Beginning in 1961 (Pfaffmann et al.,
1961
) a large number of investigators in different laboratories have examined
the NST using anatomical, and neurophysiological techniques. The topographical
projections of the VII, IX and Xth nerves conveying sensory information to the NST have
been determined using different methods in several species (Torvik, 1956;
Norgren, 1981;
Whitehead and Frank, 1983;
Hamilton and Norgren, 1984). The
morphology of the NST has been studied and the neuronal architecture defined (Whitehead, 1988). Neurons in the NST have been
described as belonging to three major anatomical types—multipolar, elongate and
ovoid (Whitehead, 1988;
Lasiter and Kachele, 1988;
King and Bradley, 1994;
Mistretta and Labyak, 1994), and
using immunocytochemistry the presence of GABA and other neuropeptides has been described
(Lasiter and Kachele, 1988;
Barry et al., 1993).
Responses of NST neurons to chemical stimuli applied to the tongue have also been
examined many times in different species (e.g.
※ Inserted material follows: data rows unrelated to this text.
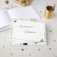 El diseño del libro de Bodas White Lace y Rosa Leaves incluye los nombres de las novias y novios en la portada con letras de plata decorativas. El fondo muestra la imagen de encaje blanco. Las hojas de rosa verdes se colocan delicadamente en las esquinas. El reverso muestra la imagen de fondo de una novia y un novio rodeados por la imagen de encaje blanco.
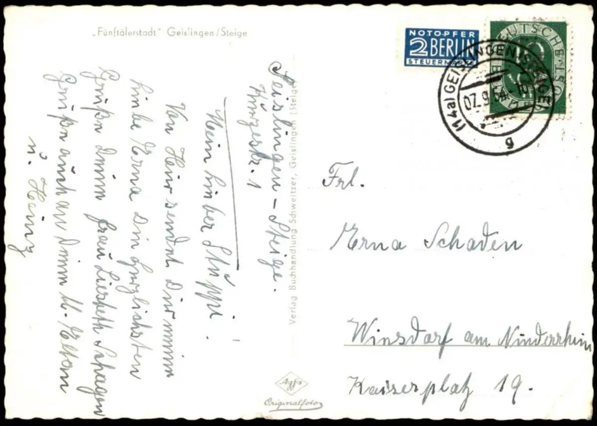 Gelaufen: 07.09.1964 mit Stempel Geislingen (Steige) nach Winsdorf am Niederrhein
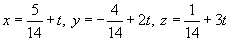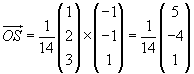 S ist ein Geradenpunkt g mit S = (5/14, -4/14, 1/14)T. Die Parameterdarstellung
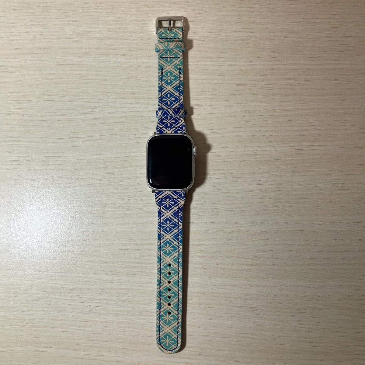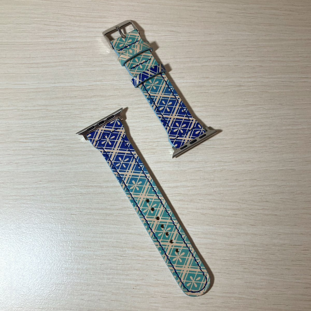 着物染色技法の型染めぼかしの技法で菱柄で染めた革で作ったアップルウォッチバンドです。

Doetsch and Erickson, 1970;
Hill et al., 1983;
Smith et al., 1983a).
Because stimulation is almost always restricted to the anterior 2/3 of the tongue, only
neurons with input from the VIIth nerve have been extensively characterized. Moreover,
because the recordings have been accomplished with extracellular electrodes, the type of
neuron and its projection pattern are often undetermined. Thus, it is not known if the
NST neurons recorded from send information rostrally, or to brainstem areas, or to both
terminations. Regardless, these neurons are invariably called ‘taste neurons’
presumably because the information passed on will result in a taste perception. However,
these so called ‘taste neurons’ could be interneurons involved in local
circuits, neurons involved in reflex muscle activity, or neurons involved in salivary
secretion. Despite the problem of knowing exactly what a particular neuron that receives
input from taste buds actually does with that information, the assumption is made that
they are involved in taste sensation. Furthermore, despite this lack of basic knowledge
of the role of these NST neurons in chemosensory processing, theories of their roles in
taste coding have been formulated ( e.g.
Smith et al., 1983b;
Di Lorenzo and Lemon, 2000).
It is obvious therefore that to make progress in understanding sensory processing at
the level of the NST more information is needed about the network of neurons in the NST
that process chemosensory information derived from stimulating taste buds. In an attempt
to make progress we have made intracellular recordings in horizontal brainstem slices of
the NST. Using this methodology we have been able to define that glutamate is the
neurotransmitter between the primary afferent synapse and the second order neurons in the
NST (Wang and Bradley, 1995), that
GABA-mediated inhibition plays a major role in synaptic processing by NST neurons
(Wang and Bradley, 1993;
Grabauskas and Bradley, 1998) and that
neurons in the NST have different biophysical and repetitive discharge characteristics
(Bradley and Sweazey, 1992). Some of
these in vitro results have been confirmed in vivo (Li and Smith, 1997;
Smith and Li, 1998). More recently in
an attempt to understand NST circuits, we have examined neural elements of the
gustatory–salivary reflex circuit responsible for taste-initiated secretion of
saliva, assuming that this is a relatively simple circuit. The reflex is typified by a
high flow rate secretion of a bicarbonate-containing saliva in response to sour or low pH
stimulation of taste buds. The reflex involves relatively few synapses and the overall
details of the circuit are well understood, making it amenable for the study of NST
circuits that process neural information originating in taste buds. Our previous
investigations of NST neurons and synaptic characteristics of the NST have focused on the
input circuit and now we are concentrating on neurons of the output circuit.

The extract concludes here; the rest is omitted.